Instructions to follow. Give the records below again in full, exactly as written, but without any images.

═══ Dataset content

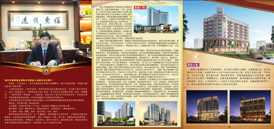 抓住湛江市十二五規(guī)劃和五年崛起的歷史機遇,獎自己的戰(zhàn)略規(guī)劃服務于城市發(fā)展規(guī)劃,將企業(yè)戰(zhàn)略與城市戰(zhàn)略協調一致,在未來十年將重點向旅游度假地產、金融、商業(yè)地產、養(yǎng)老地產等方向進行投資發(fā)展,擬組建富昌實業(yè)集團股份,打造國內一流的現代化企業(yè)集團。并最終實現上市發(fā)展的遠期目標。
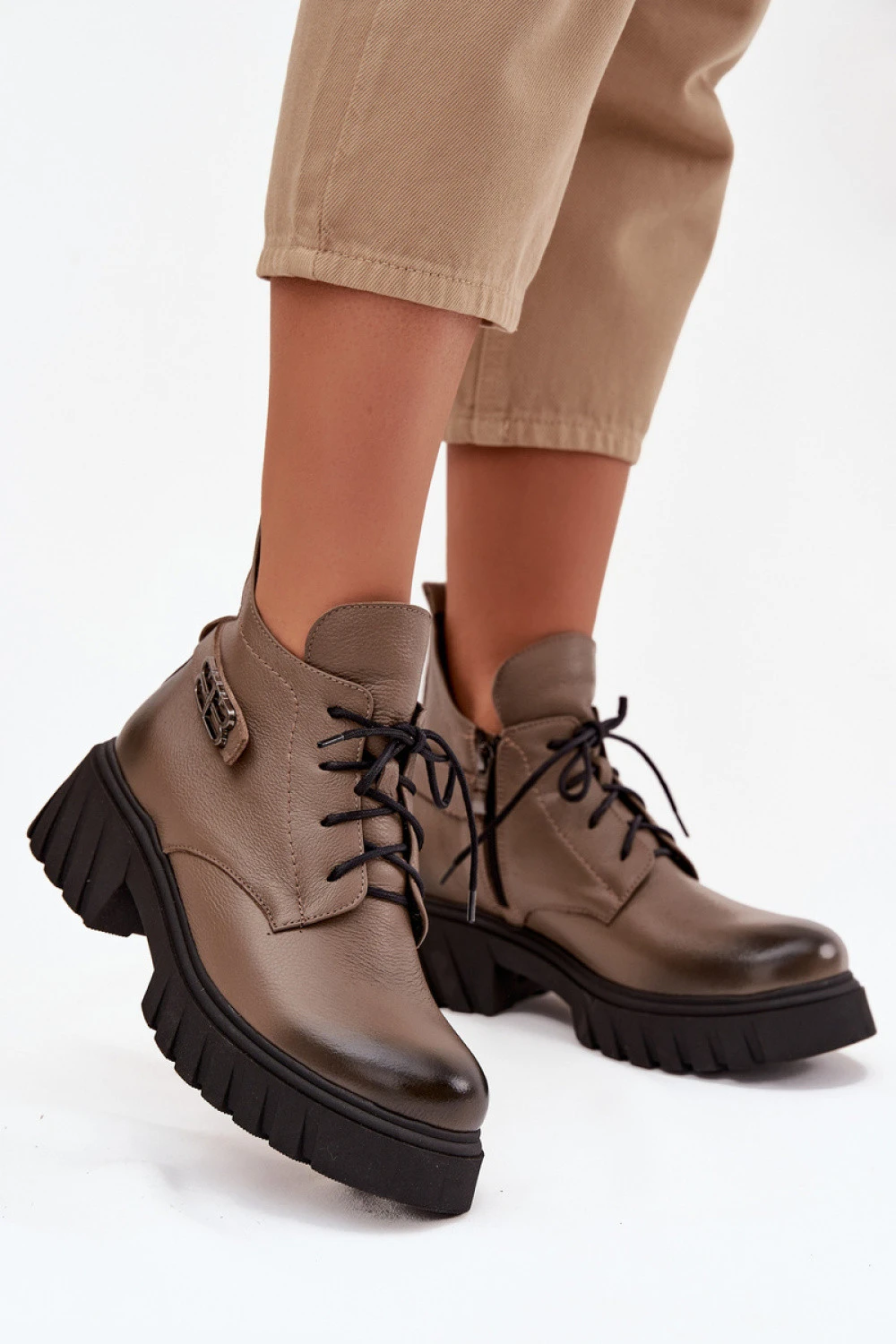 Dámské kotníkové boty vyrobené z přírodní kůže. Zapínají se na zip a navíc mají šněrování. Špičky jsou zaoblené. Vnitřek je vyplněn měkkým filcem, který poskytuje teplo i v nejchladnějších dnech. Filc nejen chrání před chladem, ale také zvyšuje pohodlí nošení díky své měkkosti a izolačním vlastnostem. To zaručuje, že kotníkové boty jsou ideální volbou na podzimní a zimní měsíce, zajistí nejen stylový vzhled, ale také pohodlí a ochranu před chladem. Tyto boty jsou skvělou kombinací klasického stylu a moderních prvků, které se osvědčí v různých stylizacích, od casual až po elegantní.
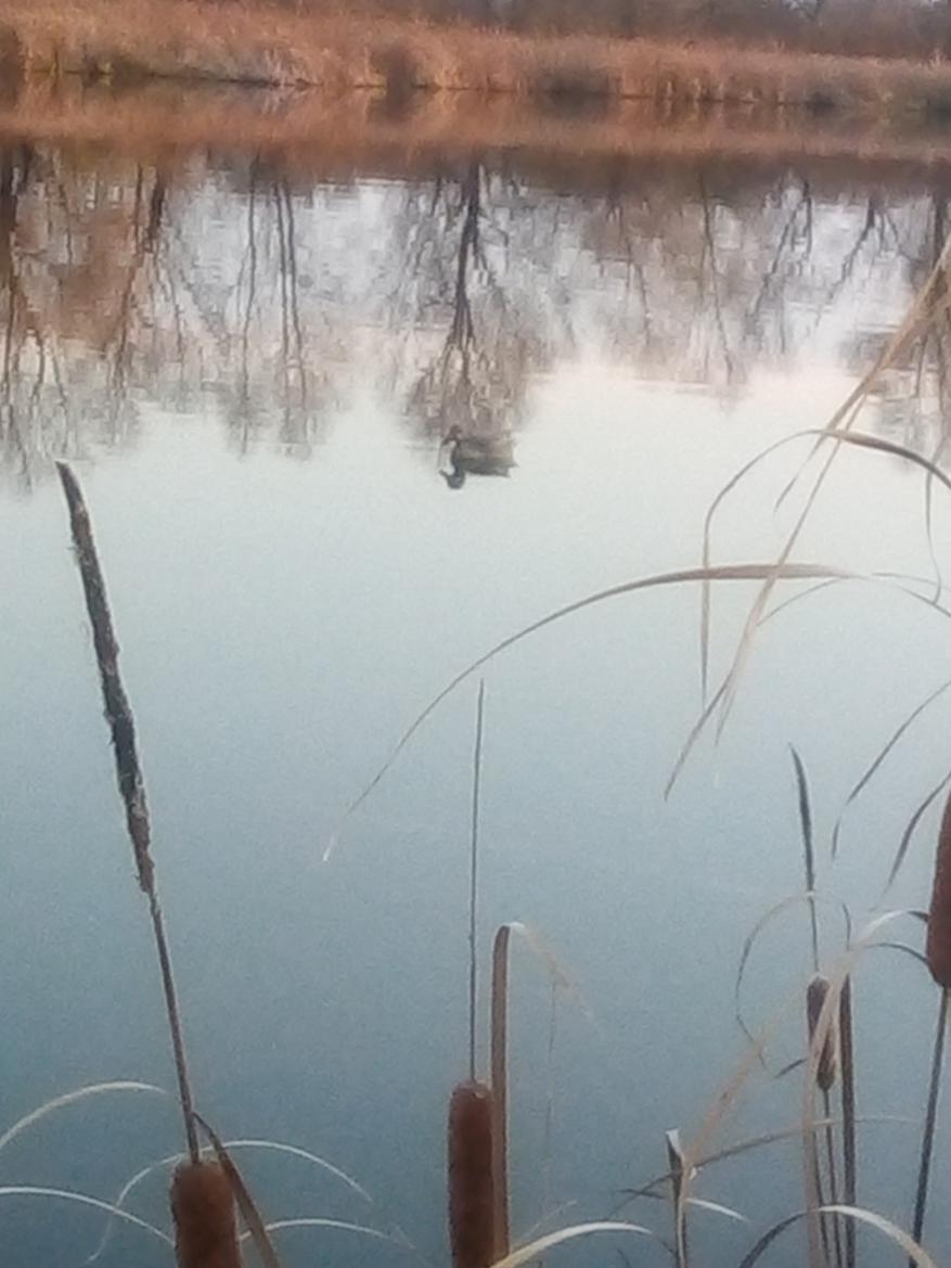 Давненько не выбирался на утиную. Да и коллеги особо не радовали информацией о наличии пернатых. Но нервы сдали, пораньше срулил, в лодку и на воду. Прогноз не соответствовал напрочь, обещанный ветерок где то заблудился. Но и ладно подышим свежим октябрьским воздухом. Тем временем забрался в озеринку, тишина. Пробрался в уголок, немного чучалок на чистую воду и сам сходу в камыши. Мелковато, лодка не лезет. Хрен с ней. Все равно по темну пойдут, подумалось мне.
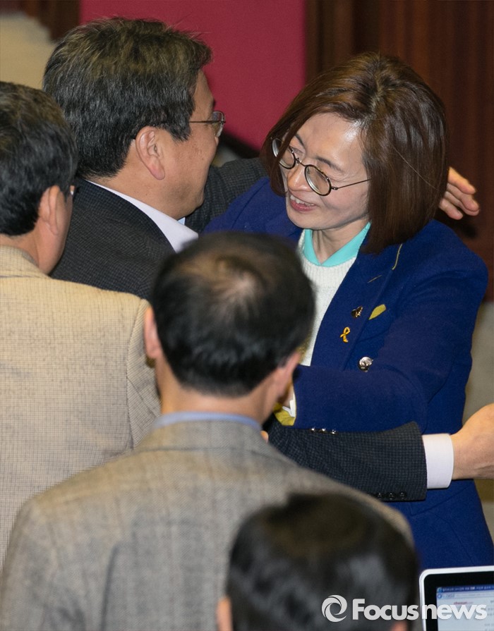 (서울=포커스뉴스) 테러방지법 직권상정에 반발해 야당의 무제한 토론(필리버스터)이 진행되고 있는 24일 오후 서울 여의도 국회 본회의장에서 토론을 마친 은수미 더불어민주당 의원이 동료 의원들의 격려를 받고 있다.
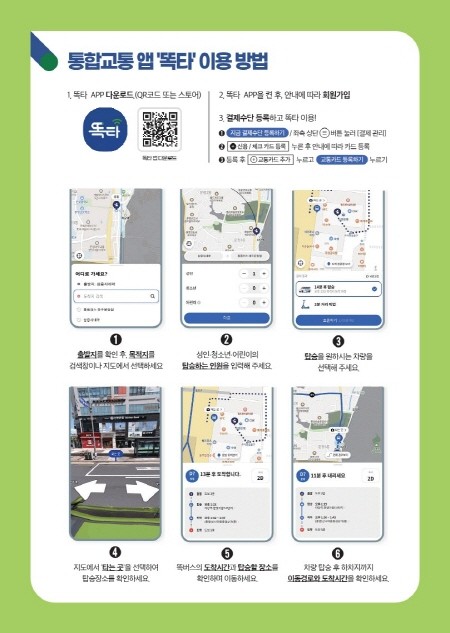 ▲ 통합교통 앱 ‘똑따’ 이용방법 포스터(사진=경기교통공사) |
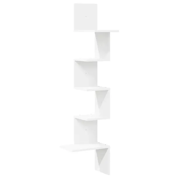 Narożna półka ścienna, biała, 32x32x127,5 cm

══════

Written response.
 抓住湛江市十二五規(guī)劃和五年崛起的歷史機遇,獎自己的戰(zhàn)略規(guī)劃服務于城市發(fā)展規(guī)劃,將企業(yè)戰(zhàn)略與城市戰(zhàn)略協調一致,在未來十年將重點向旅游度假地產、金融、商業(yè)地產、養(yǎng)老地產等方向進行投資發(fā)展,擬組建富昌實業(yè)集團股份,打造國內一流的現代化企業(yè)集團。并最終實現上市發(fā)展的遠期目標。
 Dámské kotníkové boty vyrobené z přírodní kůže. Zapínají se na zip a navíc mají šněrování. Špičky jsou zaoblené. Vnitřek je vyplněn měkkým filcem, který poskytuje teplo i v nejchladnějších dnech. Filc nejen chrání před chladem, ale také zvyšuje pohodlí nošení díky své měkkosti a izolačním vlastnostem. To zaručuje, že kotníkové boty jsou ideální volbou na podzimní a zimní měsíce, zajistí nejen stylový vzhled, ale také pohodlí a ochranu před chladem. Tyto boty jsou skvělou kombinací klasického stylu a moderních prvků, které se osvědčí v různých stylizacích, od casual až po elegantní.
 Давненько не выбирался на утиную. Да и коллеги особо не радовали информацией о наличии пернатых. Но нервы сдали, пораньше срулил, в лодку и на воду. Прогноз не соответствовал напрочь, обещанный ветерок где то заблудился. Но и ладно подышим свежим октябрьским воздухом. Тем временем забрался в озеринку, тишина. Пробрался в уголок, немного чучалок на чистую воду и сам сходу в камыши. Мелковато, лодка не лезет. Хрен с ней. Все равно по темну пойдут, подумалось мне.
 (서울=포커스뉴스) 테러방지법 직권상정에 반발해 야당의 무제한 토론(필리버스터)이 진행되고 있는 24일 오후 서울 여의도 국회 본회의장에서 토론을 마친 은수미 더불어민주당 의원이 동료 의원들의 격려를 받고 있다.
 ▲ 통합교통 앱 ‘똑따’ 이용방법 포스터(사진=경기교통공사) |
 Narożna półka ścienna, biała, 32x32x127,5 cm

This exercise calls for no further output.